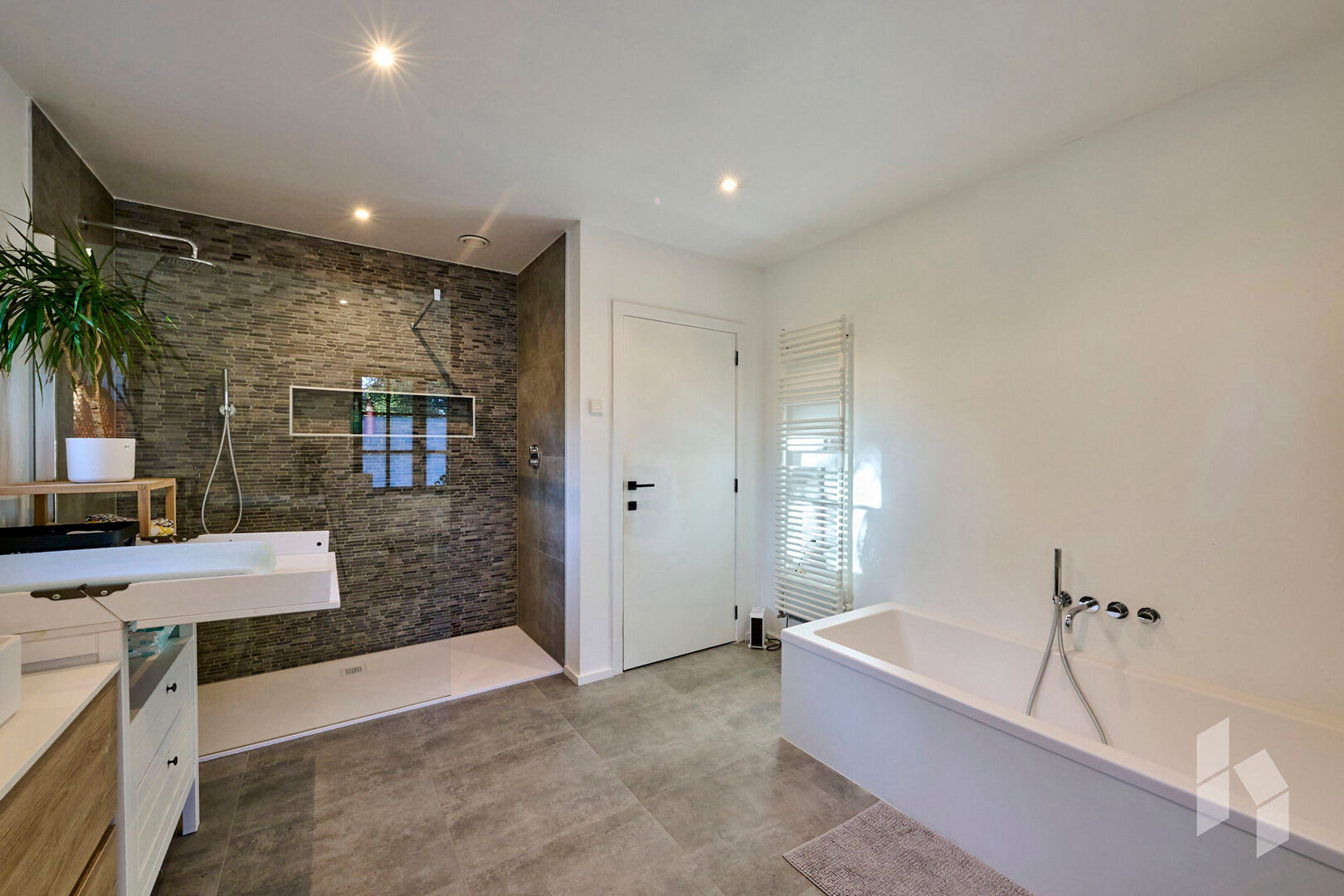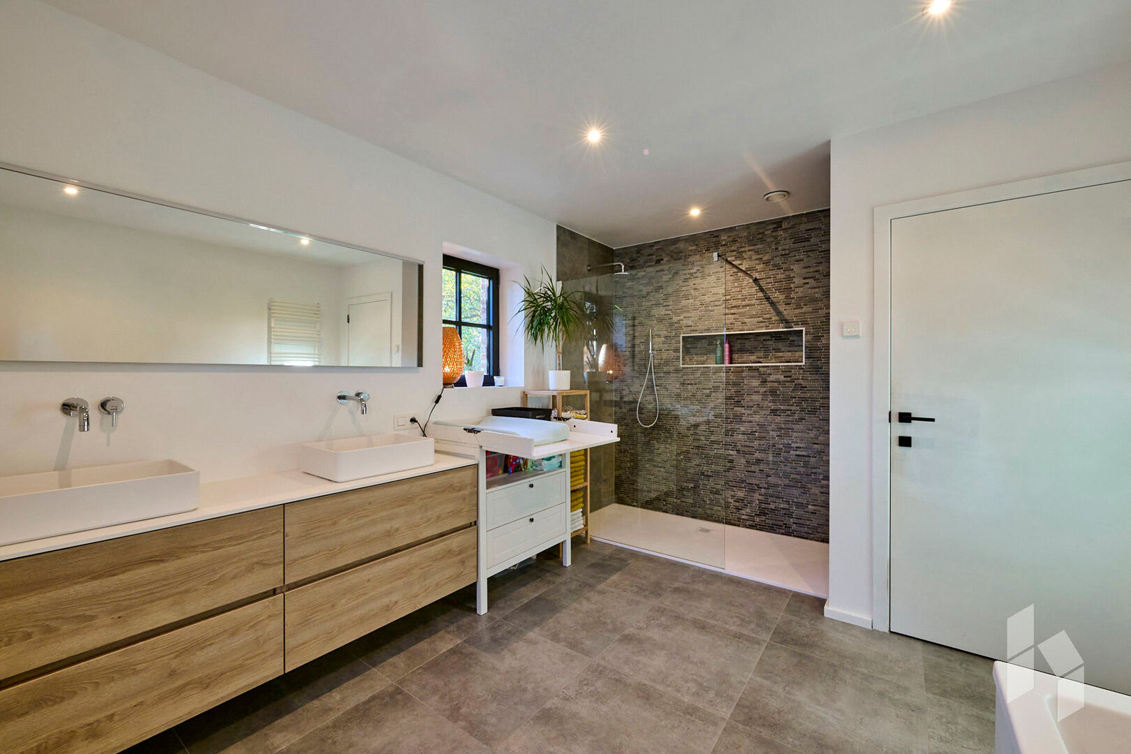 Verder is er een badkamer met bad, douche en dubbele lavabo, alsook een wasplaats met maatkasten en een apart toilet aanwezig.
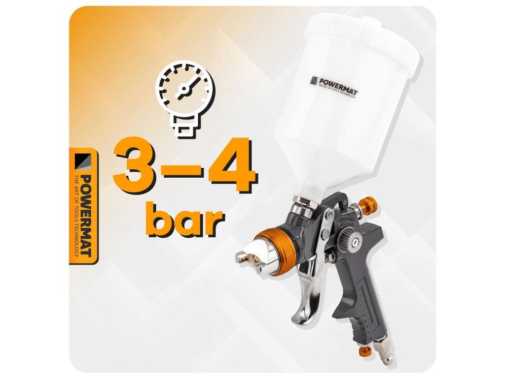 Stříkací pistole HVLP Powermat PM-PDM-170T je ideální volbou pro precizní lakování. Díky optimálnímu pracovnímu tlaku 3–4 barů dosáhnete skvělých výsledků při každém použití. Je vybavena technologií HVLP, která zajišťuje efektivní nanášení barvy s minimální ztrátou.
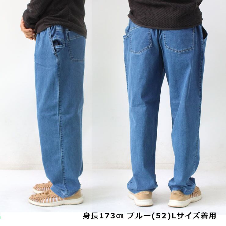生地は伸縮性に富んだストレッチデニム。 着心地もよく、アウトドアに最適な股にマチのあるクライミングパンツ仕様! ウエストはウェービングベルトなので脱ぎ履き楽ちんです。
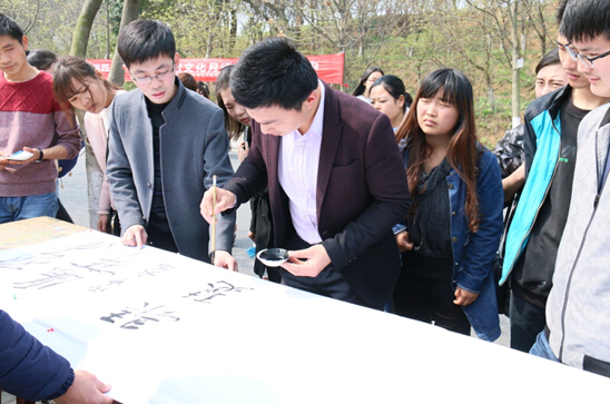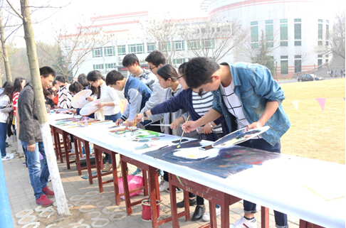 开幕式结束后,各参赛代表队在团总支老师和学生会的带领下,有序进入思齐路东侧进行书画创作。
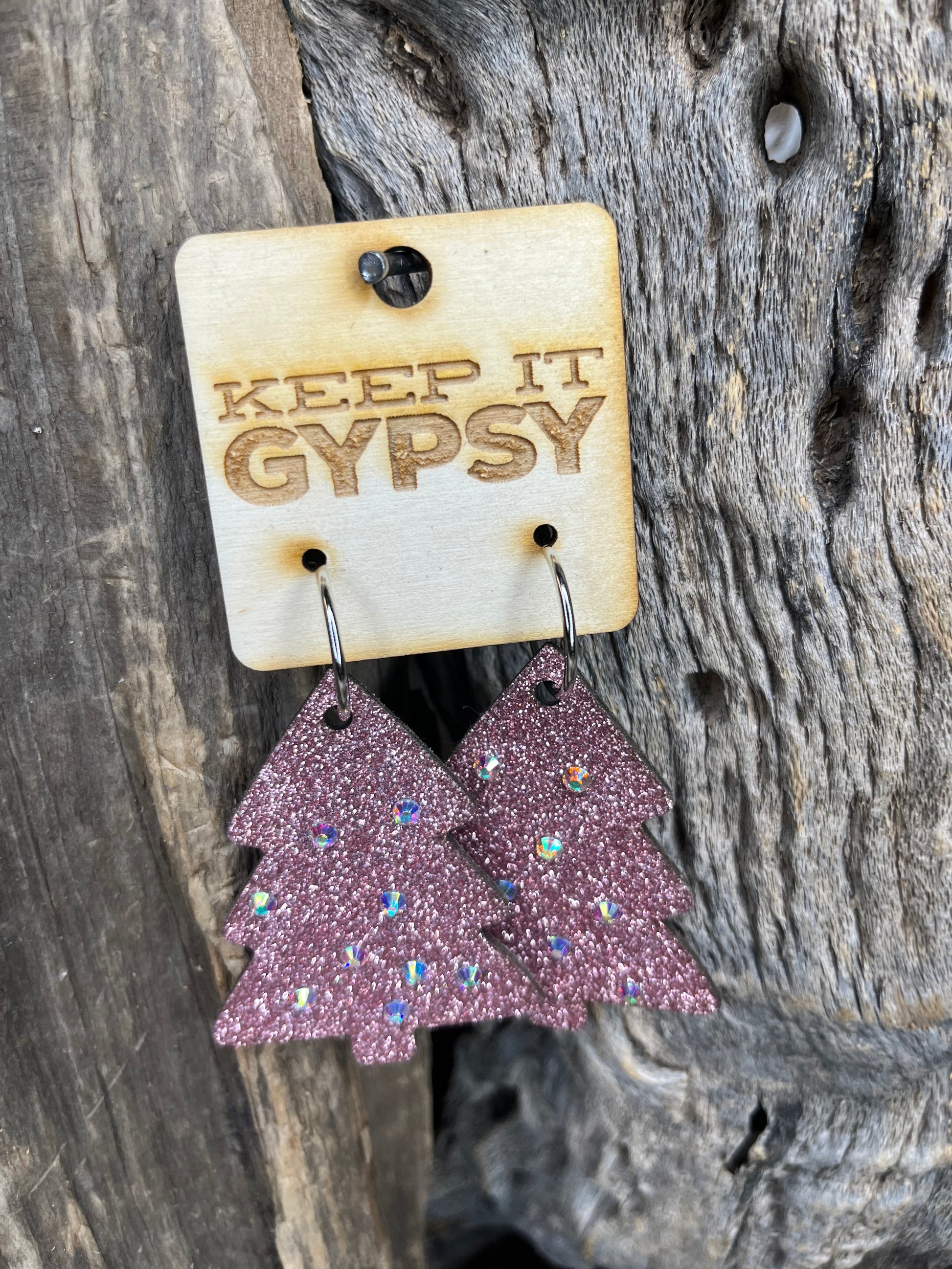 Pink Glitter Tree Earrings with AB crystals and Silver Hoops. Christmas Earrings made with Champagne Metallic on the back.
════════════════
→ **Task to complete**:
Copy the lines exactly as they appear from the opening of the entries above through the line with "Stříkací pistole HVLP", excluding all pictures.

→ **Written response**:
 Verder is er een badkamer met bad, douche en dubbele lavabo, alsook een wasplaats met maatkasten en een apart toilet aanwezig.
 Stříkací pistole HVLP Powermat PM-PDM-170T je ideální volbou pro precizní lakování. Díky optimálnímu pracovnímu tlaku 3–4 barů dosáhnete skvělých výsledků při každém použití. Je vybavena technologií HVLP, která zajišťuje efektivní nanášení barvy s minimální ztrátou.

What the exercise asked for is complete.